### Required action:
The reply should hold only the lines below beginning at the one with "刺繍リボンとワニカンでストラップを作る-Nago's handmade ☆*。" and ending at the one with "Rose quartz swirl", copied exactly, with every picture left out.

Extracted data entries
↓↓↓

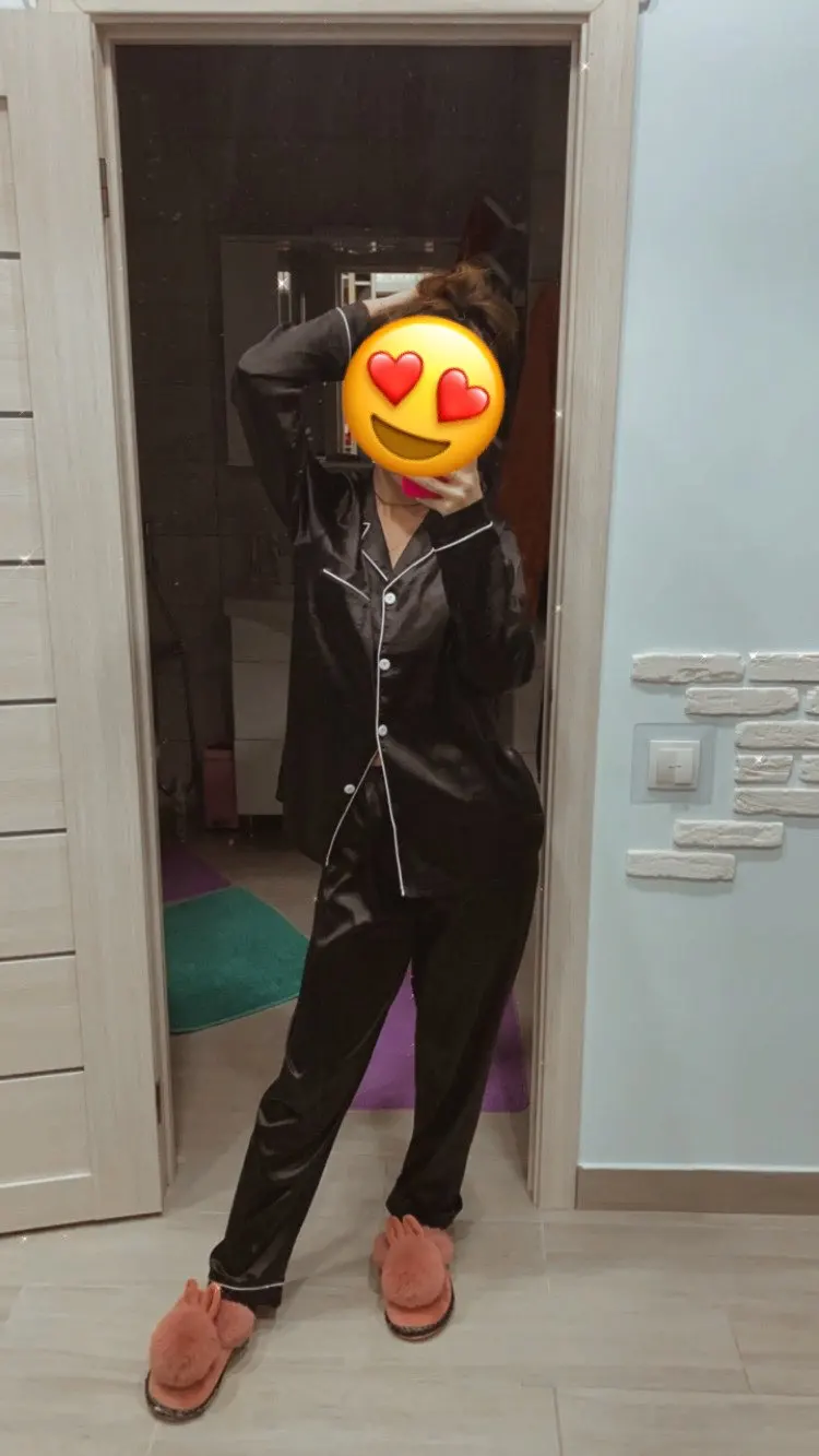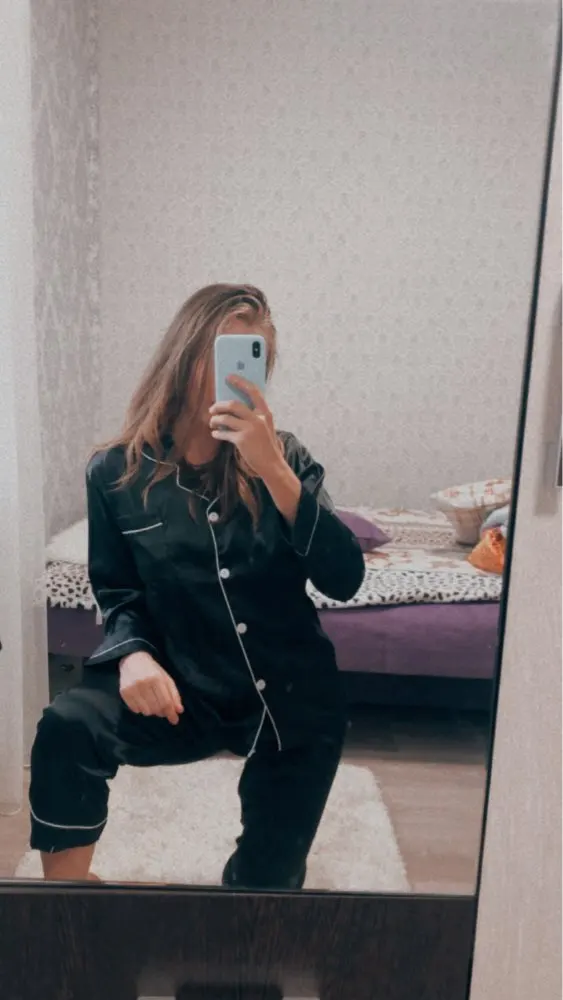 Очень крутая пижама. Я в восторге. Заказ дошёл за 3 недели, трек отслеживался. По размеру всё отлично (заведомо брала на размер больше). Длина штанов отличная, не коротки. Я очень довольна. Легкий запах есть, но после стирки уйдёт. Швы все ровные, сшито очень хорошо и аккуратно.
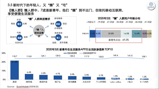 从观察案例来看,新青年群体会既“懒”又“宅”,“宅”到自成文化派系。疫情之前,相对丰富的物质条件、便捷高效的互联网环境、追求简单快捷的个性等因素,强化了新青年本来固有的“懒”与“宅”属性。懒人式消费备受新青年青睐,懒人群中,七成以上是新青年,他们“懒”到不出门,无论是时尚潮流产品还是日益喜爱网购的生鲜农产品,都是选择不出门到家类服务。后疫情时代,随着居家办公“宅生活”方式成为主流,新青年会继续引领“宅人经济”时代消费之风。
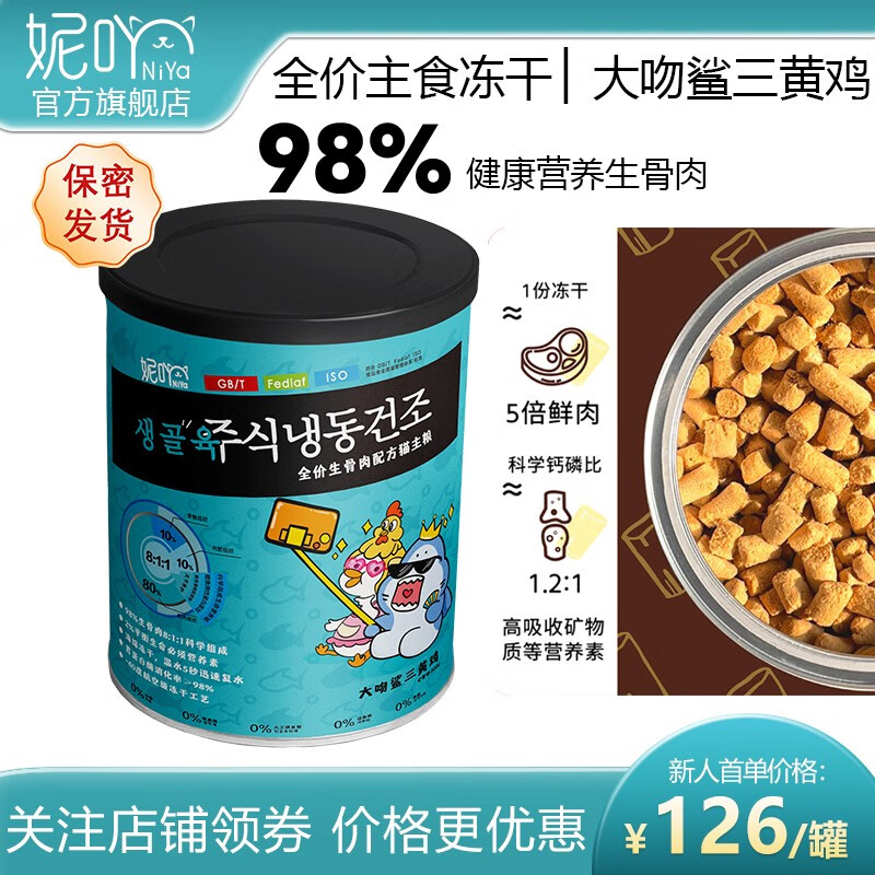 妮吖NiYa 全价主食冻干猫粮主粮98%生骨肉 高蛋白增肥发腮桶装 大吻鲨三黄鸡冻干(含两罐试吃)
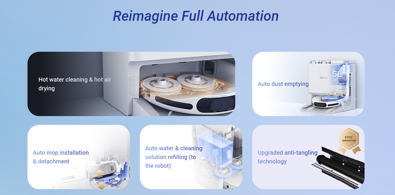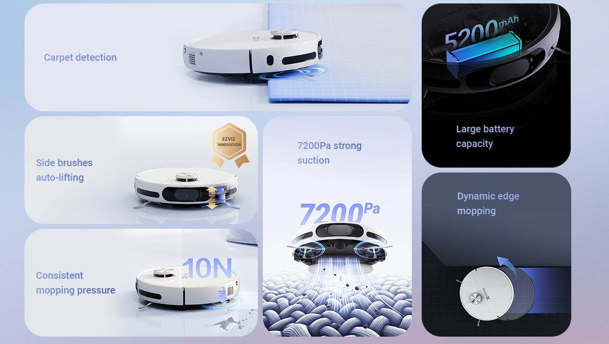 O EZVIZ RS20 Pro representa o auge da limpeza automatizada, combinando tecnologias de inteligência artificial com uma potência de aspiração de 7200 Pa. Este sistema inteligente adapta-se dinamicamente a diferentes superfícies, sendo capaz de instalar e remover as suas próprias mopas giratórias de forma autónoma para proteger tapetes e otimizar a higiene.
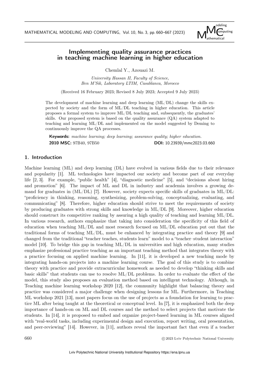 Chemlal Y. Implementing quality assurance practices in teaching machine learning in higher education / Y. Chemlal, M. Azouazi // Mathematical Modeling and Computing. — Lviv : Lviv Politechnic Publishing House, 2023. — Vol 10. — No 3. — P. 660–667.
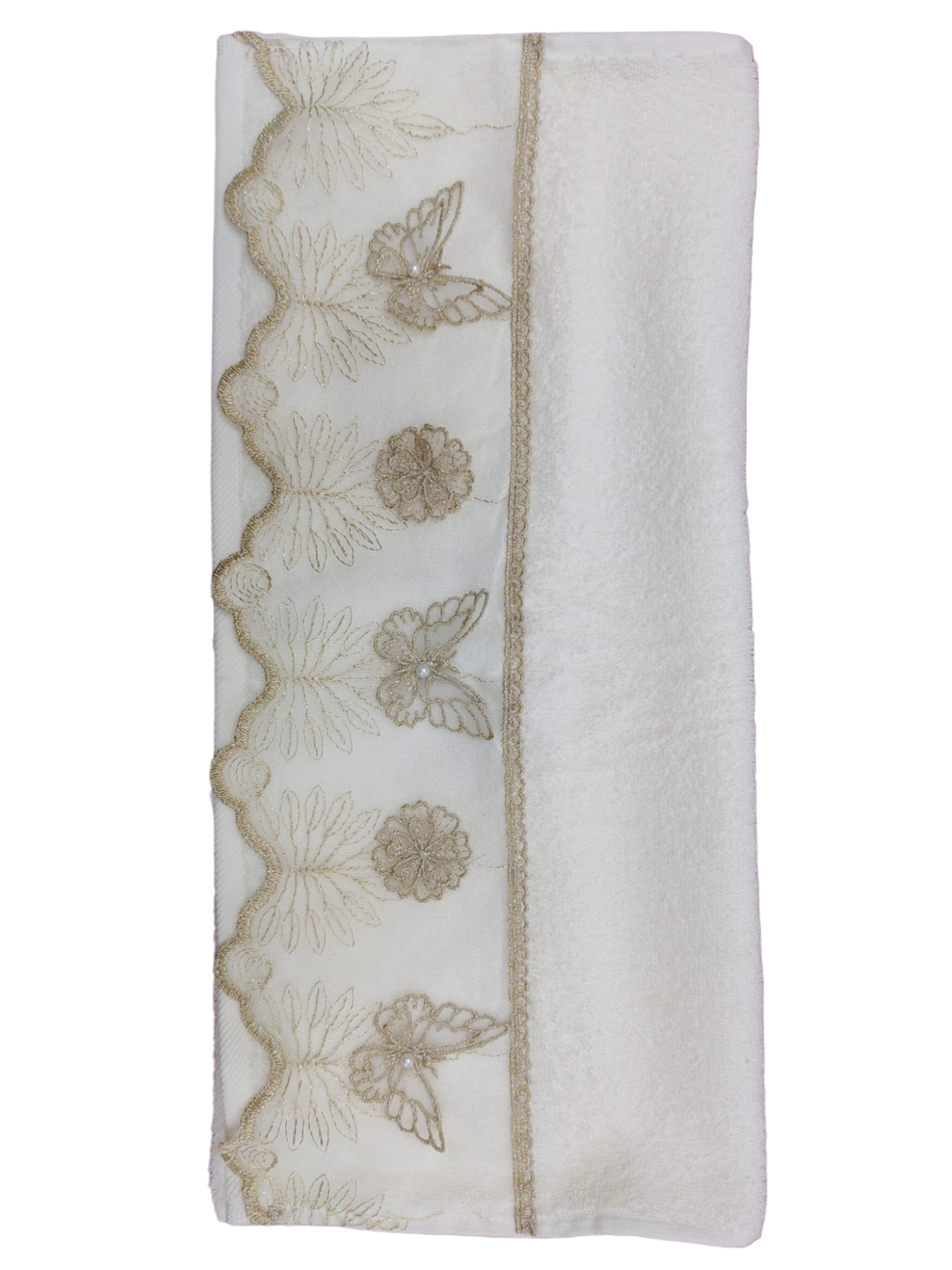 Zarafet ve kaliteyi buluşturan Beyza Güpürlü El Yüz Havlusu, şimdi sizinle. İnce güpür detayları ve sizi şımartacak dokusuyla, günlük yaşamınıza lüks bir hava katın!
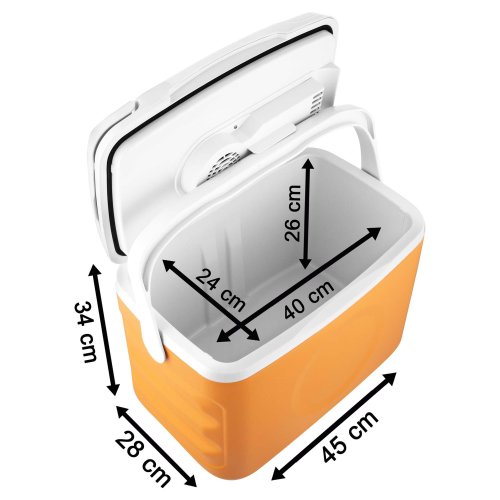 Autochladnička Vnútorný objem 22 l (21 l po zatvorení veka) Chladí až o 20 ° C pod okolitú teplotu Vonkajšie rozmery 460 x 440 x 292 Vnútorné rozmery 395 x 245 x 350 (-45) mm Napájanie DC 12 V z automobilovej
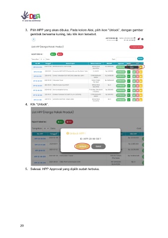 3. Pilih HPP yang akan dibuka. Pada kolom Aksi, pilih ikon “Unlock”, dengan gambar gembok berwarna kuning, lalu klik ikon tersebut. 4. Klik “Unlock”. 5. Selesai. HPP Approval yang dipilih sudah terbuka. 20
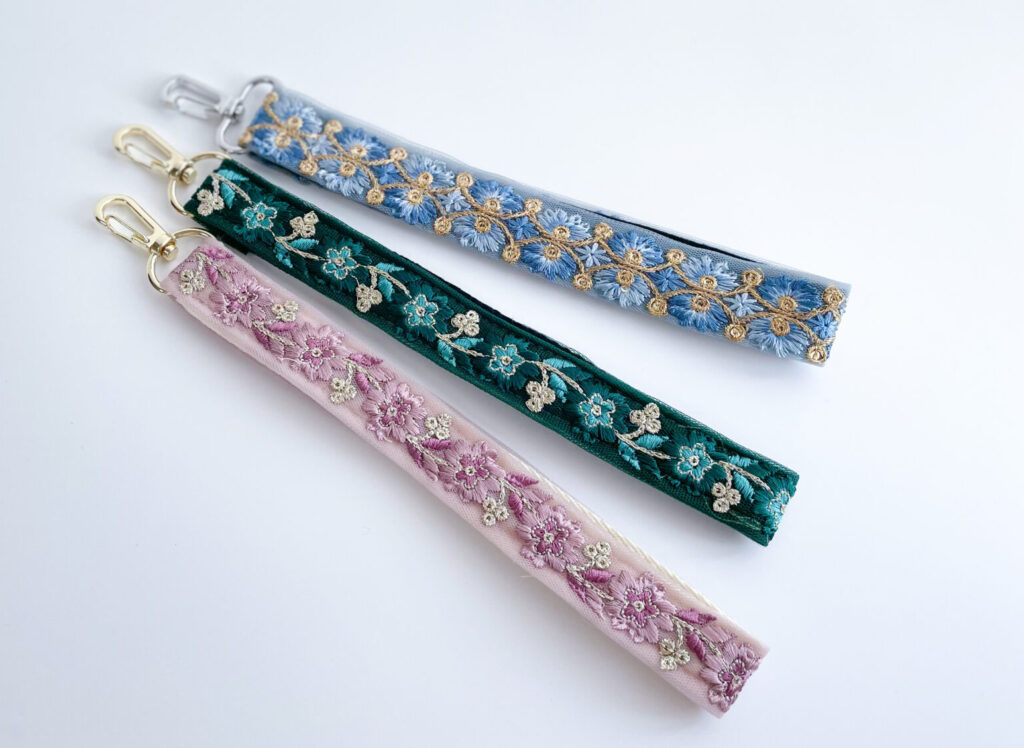 刺繍リボンとワニカンでストラップを作る-Nago's handmade ☆*。
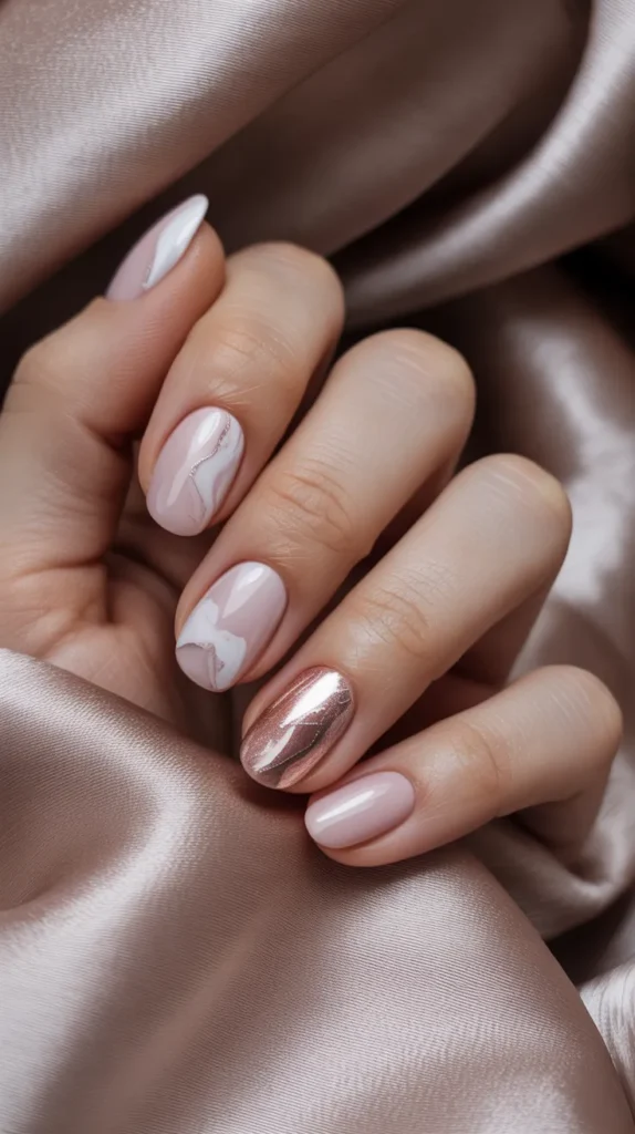 Rose quartz swirl nails bring gemstone beauty to your fingertips. The milky pink base with soft marbling and rose-gold foil catches light beautifully. It’s subtle luxury think spa-day elegance meets winter glam. 💎
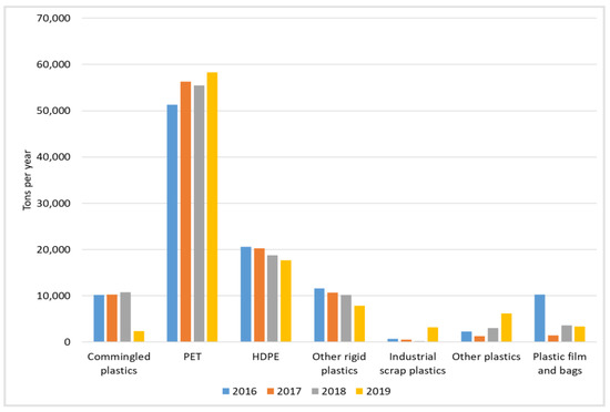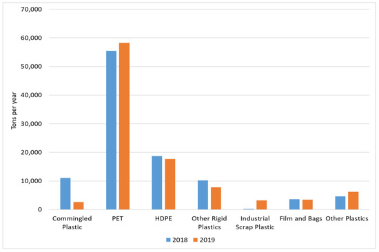 In light of the above analysis, a focused study of recycling and recovery efforts in New York, one of the country’s larger states, with relatively higher population and economic activity, is of added interest. In 2014, 37.0 million tons of waste were generated in NYS, representing a per capita annual generation of 1.9 tons [45]. To gauge how plastic recyclable materials recovery has been impacted since China’s National Sword Policy, the authors created a database of information obtained from annual reports submitted by registered MRFs in New York state provided by the state’s Department of Environmental Conservation. The annual reports are in portable document format (PDF) files, relevant parts of which we transcribed to an Excel workbook. These forms contain data about how plastic is collected and recovered by the MRFs. Our database includes this information for the years from 2016 to 2019 inclusive.

↑↑↑

### Response to this task:
 刺繍リボンとワニカンでストラップを作る-Nago's handmade ☆*。
 Rose quartz swirl nails bring gemstone beauty to your fingertips. The milky pink base with soft marbling and rose-gold foil catches light beautifully. It’s subtle luxury think spa-day elegance meets winter glam. 💎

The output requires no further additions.